Human DNA polymerase gamma (Pol γ) replicates, maintains, and repairs mitochondrial DNA (mtDNA), and it is a heterotrimer formed by the catalytic domain POLG1, encoded by POLG at chromosomal locus 15q25, and two accessory subunits of POLG2 [5]. Drug-induced damage to the mitochondrial genome, either by direct impact on the DNA or by impaired Pol γ function, leads to aberrant mitochondrial protein synthesis and respiratory chain function, resulting in oxidative stress, altered mitochondrial membrane properties, and impaired metabolic functions [6]. In hepatocytes, this mitochondrial dysfunction contributes to cell death and triglyceride accumulation (i.e., steatosis) and, thus, drug-induced liver injury [7]. The association of Pol γ deficiency with liver dysfunction was first described in patients with Alpers’ disease [8]. Since then, several studies have demonstrated that patients with homozygous or compound heterozygous pathogenic variants on POLG1 (e.g., p.W748S and p.A467T) are at greater risk of liver failure induced by sodium valproate (VPA) [9, 10].

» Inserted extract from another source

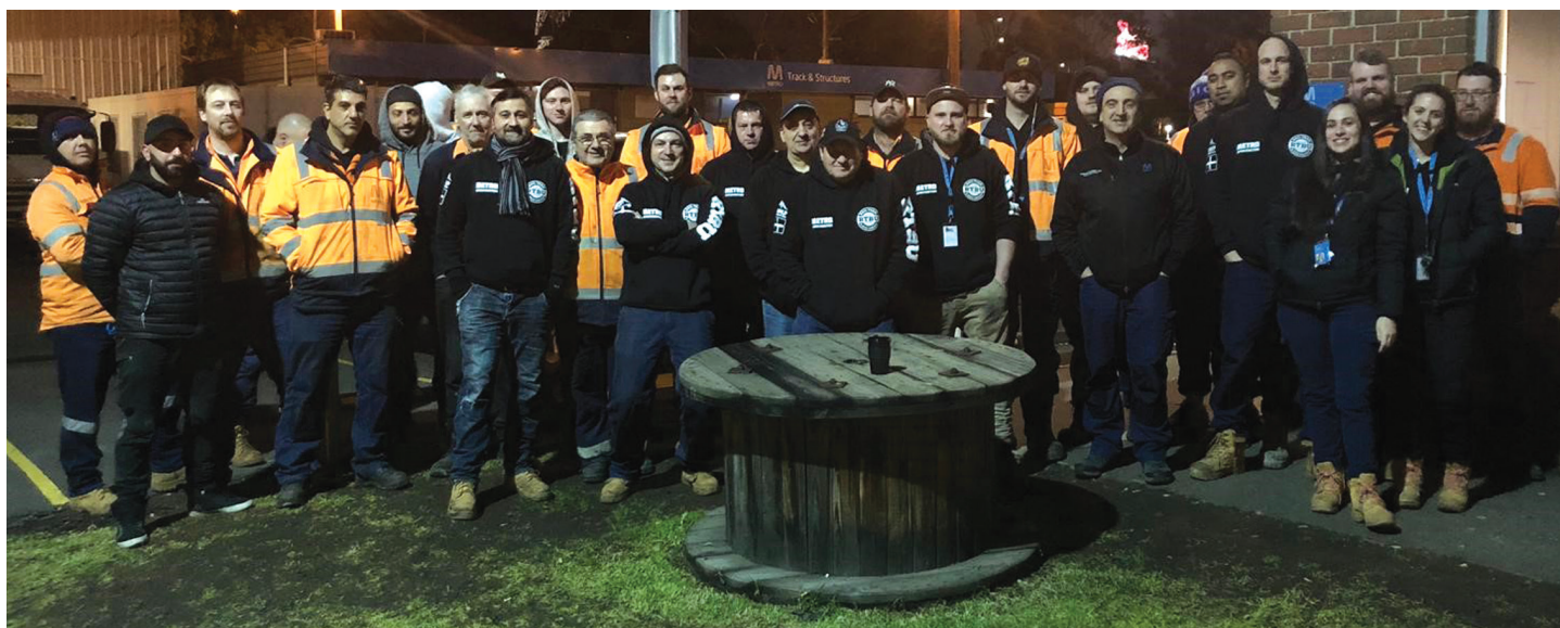
Metro Infrastructure Members at E-Gate

In this study, we investigated the association of chemotherapy-related hepatotoxicity during maintenance with common variants of the catalytic POLG1 domain of Pol γ in 34 patients diagnosed with childhood ALL.
Patients and methods
Patient cohort
Nine common POLG1 variants (p.T251I, p.A467T, p.N468D, p.G517V, p.P587L, p.R722H, p.W748S, p.E1143G, and p.Q1236H) were analyzed in 34 Finnish patients (18 boys and 16 girls; median age at diagnosis: 5 years [range: 2–15 years]) who were diagnosed consecutively between 2008 and 2013 in a tertiary level hospital. Exclusion criteria were Down syndrome, stem cell transplantation, or infant leukemia. All patients were treated according to the Nordic Society of Pediatric Hematology and Oncology (NOPHO) ALL2008 treatment protocol, 16 according to the standard risk (SR) protocol, 15 according to the intermediate risk (IR) protocol [1], and three according to the high risk (HR) protocol [11].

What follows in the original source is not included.